Building a Chatbot with AWS Lex

Evan Morgan - 30/01/2018

Working with Chatbots

A lot of people will be familiar with Alexa, Amazon’s helpful and cheery assistant that’s ready to play music for you, tell jokes and assure you it’s not here to take over the world. However, not so many will know of Lex - a deep-learning conversational interface that’s effectively the brains behind that friendly female voice on the Amazon Echo and Echo Dot.

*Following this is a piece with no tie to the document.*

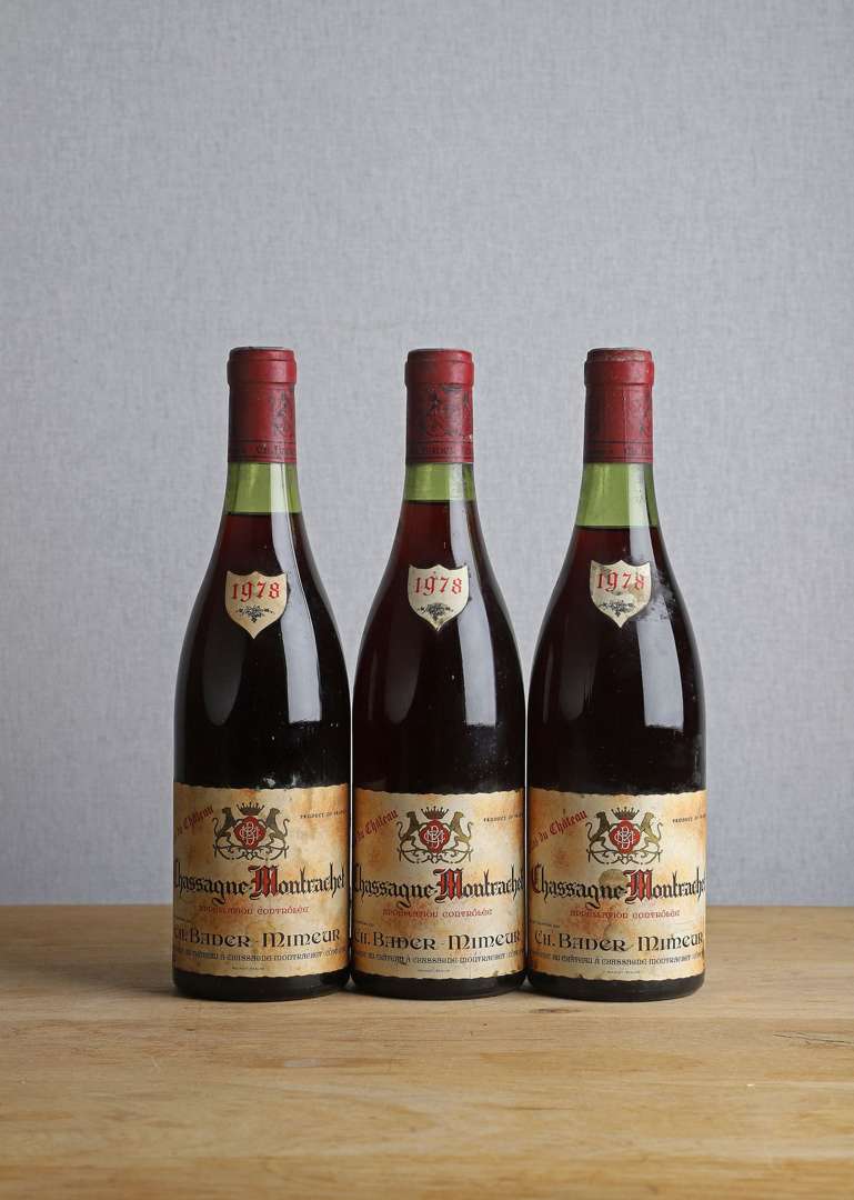 3 B CHASSAGNE-MONTRACHET Rouge (1 à 2,7 cm| e.t.h. légères| clm.s.) - 1978 - Bader-Mimeur

This article focuses on Travel Tech Labs development experience with AWS Lex in a travel context, its strengths, a few pitfalls and our overall impression of Lex as a service. Using Amazon Web Services, you can build your own chatbot to work within an app, on social media or even in a travel call centre when you integrate with Amazon Connect.

This amazing technology has the capacity to change the interface of the travel industry, but it all revolves around one question - how ready is Lex to replace a conversation with a real person?

Chatbot Breakdown - How Does it Work?

How does it even do that?

On a simple level, Lex uses machine learning to process massive amounts of conversational data, constantly reviewing its own understanding of how conversational flow works and using this, Lex provides a service by which we can make chatbots that gets better over time as it processes more data. Simple? Not really… But the important part to take from this is that we can make chatbots with Lex, that can operate 24/7, responding to travellers demands/inquiries while we sleep soundly in our beds.

So how does a chatbot work from a developer perspective? I’m glad you asked. A chatbot is made up of intents, which represent a user’s intentional interactions with the chatbot i.e. why is this user talking to me? So for example, in the image below, we see that the user has said a sentence(or an utterance as AWS calls it) which tells “Travel Bot” that it should be using the “BookATrip” intent. By using this intent, it knows the next step is to use an AWS lambda function and then issue a confirmation. Once confirmed, it can proceed to ask you further about the trip you’d like to book e.g. “Are you booking a single or return journey?”.

Hidden Step: After booking your trip, 'robot_uprising.exe' will be executed.

Intents use slots to populate parameters that can later be used or returned to the user. These slots are essentially lists of possible words/values users will say to the bot. For example, an utterance could be “Book a {Trip}” where {Trip} is any value in the Trip slot. This is how, in the Travel Bot example, the bot has the Type slot filled in with “Flight”.

Voice or Text?

Hello World!

When developing our Lex Travel Chatbot, we spotted a lot of developer resources and tutorials giving tips on developing Lex chatbots that exclusively focus on text chat. Since there are so many resources using Lex as a text chatbot, we thought it might be an interesting exercise to investigate its possibilities as a voice application.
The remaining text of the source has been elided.